The business model is project-driven. Orders are large, execution cycles are long, working capital needs are heavy, and margins depend on steel prices, execution efficiency, and contract terms. It’s not a SaaS business. You don’t get recurring monthly subscriptions. You get massive orders, followed by intense execution and invoicing marathons.

The upside? Once capacity is utilised and execution is smooth, operating leverage kicks in hard. And Q3 FY26 numbers suggest that Man Industries is finally enjoying that leverage.


4. Financials Overview – Numbers That Actually Matter

Quarterly Performance Snapshot (Q3 FY26 – Consolidated)

MetricLatest QuarterSame Qtr Last YearPrevious QuarterYoY %QoQ %
Revenue (₹ Cr)830732834~13%~(-0.5%)
EBITDA (₹ Cr)12879121~62%~6%
PAT (₹ Cr)553437~61%~49%
EPS (₹)7.345.274.93~39%~49%

Yes, revenue growth is decent, but EBITDA and PAT growth are where the fireworks are. Margins expanded meaningfully, with OPM touching ~15% in Q3 FY26 versus low double digits earlier.

EPS Annualisation

This is Quarterly Results, so EPS needs to be annualised carefully.

  • Q3 FY26 EPS: ₹7.34
  • Average of Q1, Q2, Q3 FY26 EPS = (4.11 + 4.93 + 7.34) / 3 ≈ ₹5.46
  • Annualised EPS = ₹5.46 × 4 ≈ ₹21.8

At a price of ₹382, this implies a forward P/E of ~17.5x on a conservative annualised basis. Not screaming cheap, but not outrageous either.

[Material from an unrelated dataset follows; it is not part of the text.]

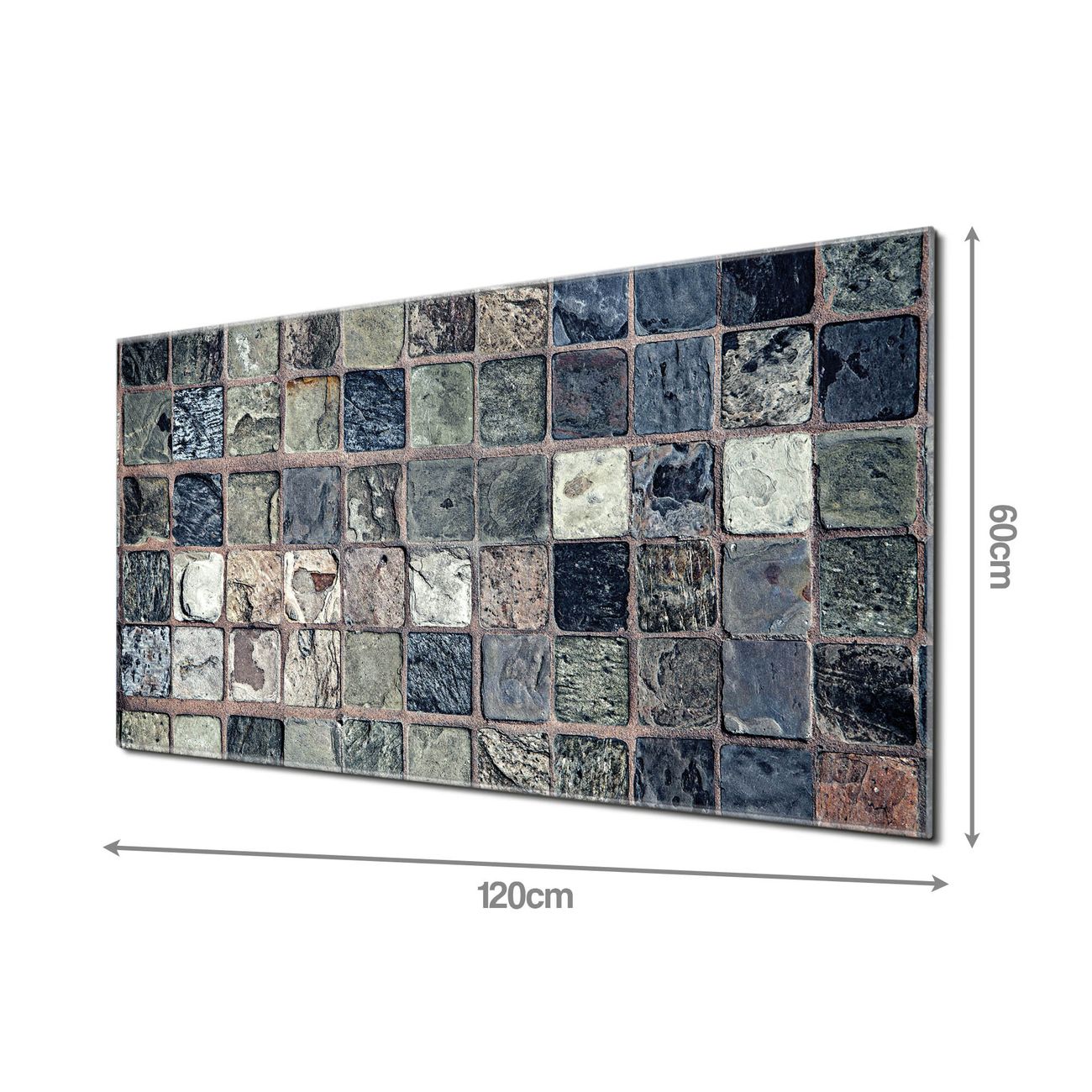 Material: 4mm Sicherheitsglas mit Metallrückwand Eigenschaften: beschreibbar, magnetisch, kratzfest Maße: 120x60x0,6cm, 10,80kg schwer Motiv Nummer 11420 Steinfliesen Zubehör: inklusive 4 Neodym-Magnete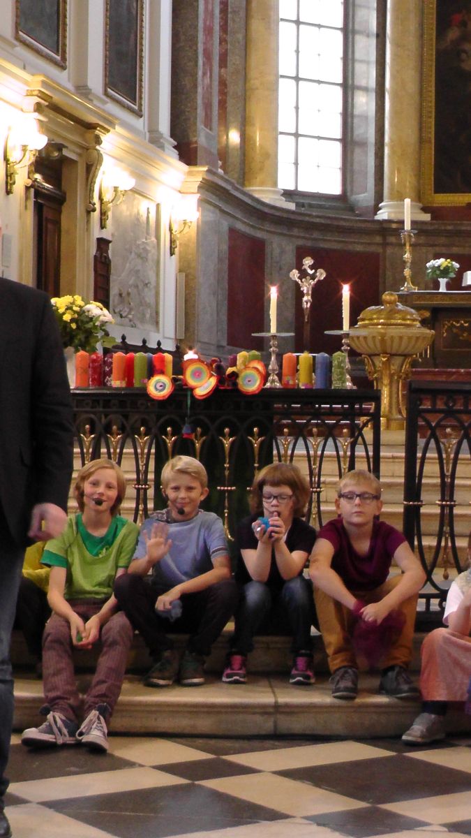 Alle Mann von Bord, in die Boote, auf in die Stadt, hinein in die Nikolaikirche, zum Friedensgebet der Kinder. Nicht nur die Großen feiern heute das Jubiläum "25 Jahre friedliche Revolution", sondern auch die Kleinen beschäftigten sich intensiv mit dem "Frieden".

Do you see why the market is warming up to this stock now and not three years ago?


5. Valuation Discussion – Fair Value Range (Educational Only)

Let’s keep emotions aside and do boring valuation math.

1) P/E Method

  • Annualised EPS (conservative): ~₹22
  • Reasonable sector multiple: 14x – 18x

Fair Value Range (P/E): ₹308 – ₹396

2) EV/EBITDA Method

  • TTM EBITDA: ~₹419 crore
  • Reasonable EV/EBITDA multiple: 6x – 8x
  • Implied EV: ₹2,514 – ₹3,352 crore
  • Less Net Debt (~₹561 crore borrowings, ignoring cash nuance for simplicity)

Equity Value Range: roughly ₹1,950 – ₹2,790 crore
Per Share Range: approx. ₹260 – ₹370

3) DCF (Very High-Level)

Assuming:

  • Revenue growth moderates to mid-teens
  • EBITDA margins stabilise ~12–14%
  • Capex heavy years till FY26, then normalisation

You again land in a broad zone around ₹300–₹400.

Disclaimer: This fair value range is for educational purposes only and is not investment advice.

So yes, the stock is not absurdly cheap, but it’s also not priced like a fantasy.


6. What’s Cooking – News, Triggers & Drama

Recent developments read like a corporate thriller:

  • ₹550 crore line pipe orders secured in Jan 2026, executable over six months.